The action method returns a string, unicode, Response object, or is a generator of strings. In this trivial case it returns a string. A typical Pylons action would set some tmpl_context attributes and ‘return render(‘/some/template.html”)’ . In either case the global response object’s body would be set to the string.
WSGIController.\_\_call\_\_() continues, converting the Response object to an appropriate WSGI return value. (First it calls the start_response callback to specify the HTTP headers, then it returns an iteration of strings. The Response object converts unicode to utf-8 encoded strings, or whatever encoding you’ve specified in the config file.)
The stack of middleware calls unwinds, each modifying the return value and headers if it desires.

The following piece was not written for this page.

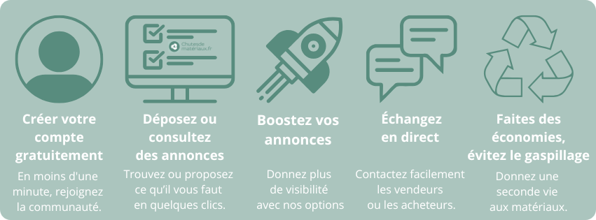 Chutesdemateriaux.fr est une plateforme dédiée aux particuliers et professionnels du bâtiment. Revendez facilement vos surplus de chantier ou trouvez des matériaux à petit prix pour vos projets.
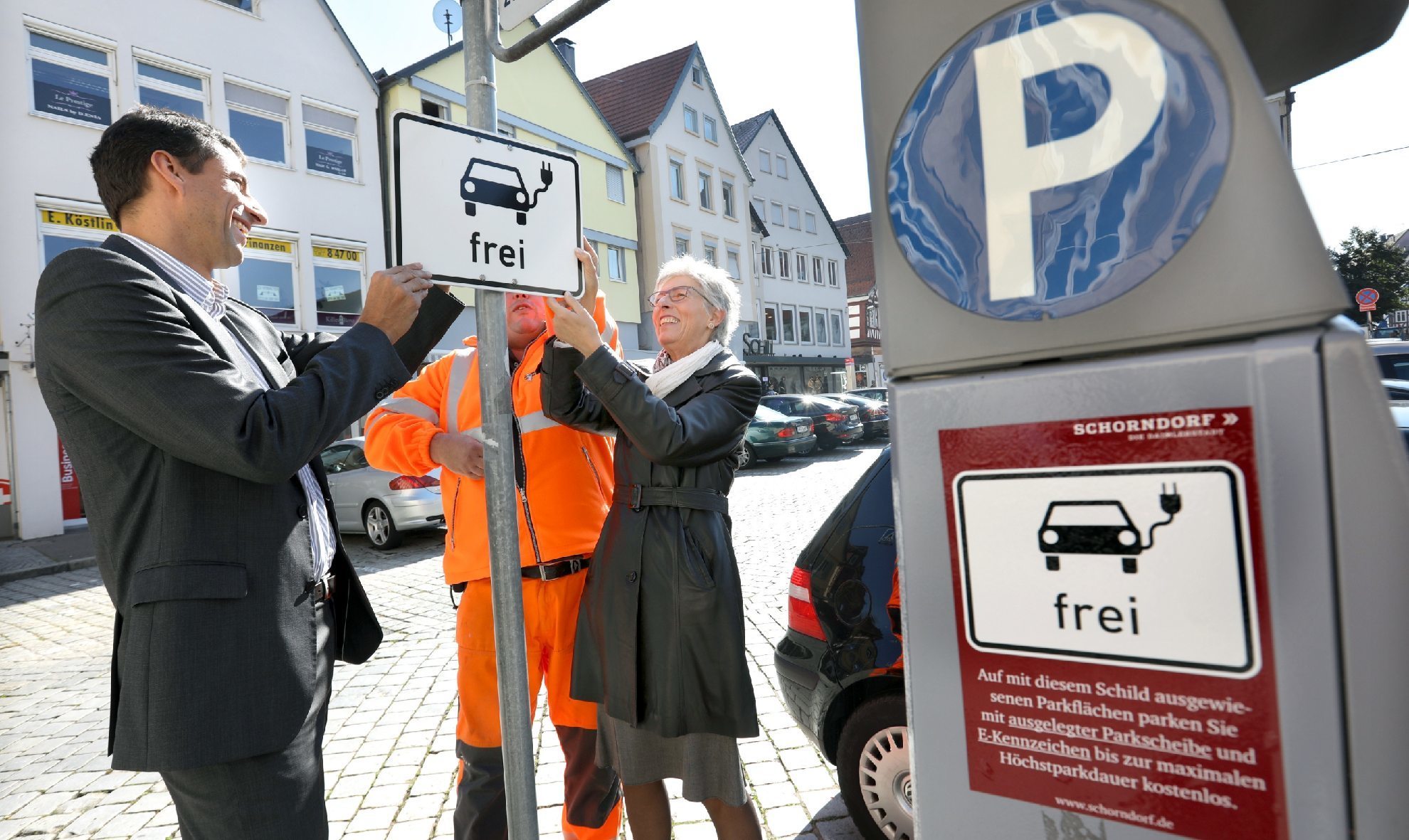 Schorndorf. Wer künftig mit einem Elektroauto in der Stadt unterwegs ist, kann alle Parkplätze kostenlos nutzen. Entsprechende Schilder hat die Stadt nun anbringen lassen. Das erste hat Oberbürgermeister Matthias Klopfer am Donnerstag höchstpersönlich montiert.

The server receives the final return value. (We’re way back in paste.httpserver.WSGIHandlerMixin.wsgi_execute() now.) The outermost middleware has called back to server.start_response(), which has saved the status and HTTP headers in .wsgi_curr_headers. .wsgi_execute() then iterates the application’s return value, calling .wsgi_write_chunk(chunk) for each encoded string yielded. .wsgi_write_chunk('') formats the status and HTTP headers and sends them on the socket if they haven’t been sent yet, then sends the chunk. The convoluted header behavior here is mandated by the WSGI spec.
Control returns to BaseHTTPRequestHandler.handle(). .close_connection is true so this method returns. The call stack continues unwinding all the way to paste.httpserver.ThreadPoolMixIn.process_request_in_thread(). This tries to finish the request first and then close it unless it finds errors in it to end raising an Exception.
The request lambda finishes and control returns to ThreadPool.worker_thread_callback(). It waits for another request in the thread queue. If the next item in the queue is the shutdown sentinel value, thread #2 dies.
Thus endeth our request’s long journey, and this analysis is finished too.